As they thin their ranks of risky cardholders to deal with an economic downturn, major banks including American Express, Citigroup, Bank of America, and a long list of others have already begun to raise interest rates, and some have targeted consumers who pay their bills on time. The legislation scheduled for a Senate vote today does not cap interest rates, so banks can continue to lift them, albeit at a slower pace and with greater disclosure.

“There will be one-size-fits-all pricing, and as a result, you’ll see the industry will be more egalitarian in terms of its revenue base,” said David Robertson, publisher of the Nilson Report, which tracks the credit card business.

People who routinely pay off their credit card balance have been enjoying the equivalent of a free ride, he said, because many have not had to pay an annual fee and collect points for air travel and other perks.

“Despite all the terrible things that have been said, you’re making out like a bandit,” he said. “That’s a third of credit card customers, 50 million people who have gotten a great deal.”

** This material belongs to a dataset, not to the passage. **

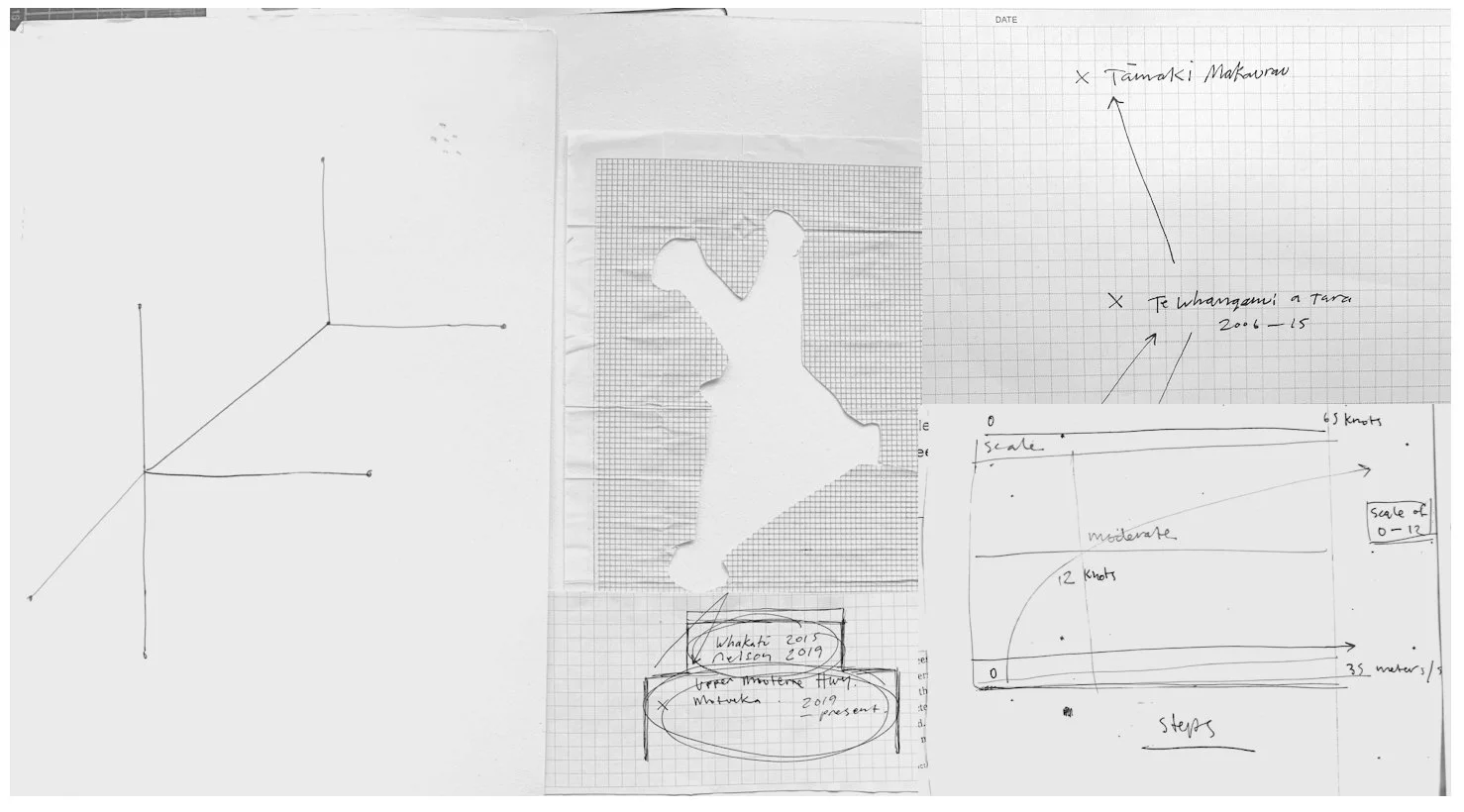 Tiller toward or away from the / a leviathan? What does it take to manage a trajectory. What are the fictions present in the becoming trajectory? (eg: saw horses swapped with Graham Hoyte, documentation of navigations…)

Robert Hammer, an industry consultant, said the legislation might have the broad effect of encouraging card issuers to become ever more reliant on fees from marginal customers as well as creditworthy cardholders, who are dubbed “deadbeats” in industry parlance because they generate scant fee revenue.

“They aren’t charities. They have shareholders to report to,” he said, referring to banks and credit card companies. “Whatever is left in the model to work from, they will start to maneuver.”

Banks used to give credit cards only to the best consumers and charge them a flat interest rate of about 20 percent and an annual fee. But with the relaxing of usury laws in some states, and the availability of credit scores in the late 1980s, banks began offering cards with a variety of different interest rates and fees, tying the pricing to the credit risk of the cardholder.

That helped push interest rates down for many consumers, but they soared for riskier cardholders, who became a significant source of revenue for the industry. The recent economic downturn challenged that formula, and banks started dumping the riskiest and lowering their credit limits in earnest as the recession accelerated. Now, a rising chorus of consumers who pay their bills off every month is complaining of shortened grace periods, new hidden fees and higher interest rates.

The industry says the proposals will force banks to issue fewer credit cards at greater cost to the current cardholders.

Citigroup and Capital One referred comments to the ABA. Discover and American Express declined to comment. Bank of America intends to “provide credit to the largest number of creditworthy customers possible, while also remaining prudent in our lending practices,” said Betty Riess, a spokeswoman. Together with JPMorgan Chase, which has said the changes will force it to limit credit availability and raise fees, these banks comprise 80 percent of the credit card industry.

Ah, the insanity of American corporatism.